Thursday, April 8, 2010

When a little makes a big difference

One characteristic feature of strongly correlated electron systems that I think should be talked more is how sensitive they are to small perturbations. This is particularly true in frustrated systems. A related issue is that there are often several competing phases which are very close in energy. This can make variational wave functions unreliable. Getting a good variational energy may not be a good indication that the wave function captures the key physics.

Here are two concrete examples to illustrate my point.

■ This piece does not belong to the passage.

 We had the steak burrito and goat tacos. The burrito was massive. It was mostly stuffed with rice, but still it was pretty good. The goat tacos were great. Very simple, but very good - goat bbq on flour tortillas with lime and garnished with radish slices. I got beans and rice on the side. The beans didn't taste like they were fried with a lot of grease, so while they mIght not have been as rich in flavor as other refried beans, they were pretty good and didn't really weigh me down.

Consider the spin 1/2 Heisenberg model on the isotropic triangular on a lattice of 36 sites, and with exchange interaction J. Exact diagonalisation gives a ground state energy per site of -0.5604 J and a net magnetic moment (with 120 degree order as in the classical model) of 0.4, compared to the classical value of 0.2.
In contrast, a variational short-range RVB wavefunction has zero magnetic moment and a ground state energy of -0.5579 J, which is only 0.5% larger than the exact value.
Yet, it is qualitatively incorrect because it predicts no magnetic order (and spontaneous symmetry breaking) in the thermodynamic limit. Furthermore, the energy difference is about 1/500 of J.
[For details and references see Table III in this paper].

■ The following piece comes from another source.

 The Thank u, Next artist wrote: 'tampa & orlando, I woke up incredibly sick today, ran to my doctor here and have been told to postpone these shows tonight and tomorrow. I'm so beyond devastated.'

The second example concerns the spin 1/2 Heisenberg model on the anisotropic triangular lattice, viewed as chains with exchange J and frustrated interchain coupling J'. For J ~ 3 J' this describes the compound Cs2CuCl4.
The figure below (taken from this paper) shows the calculated triplet excitation spectrum of the model, with a small Dzyaloshinski-Moriya interaction D, and without (D=0). It is striking that even though D ~J/20 it induces energy changes in the spectrum of energies as large as J/3, including new energy gaps.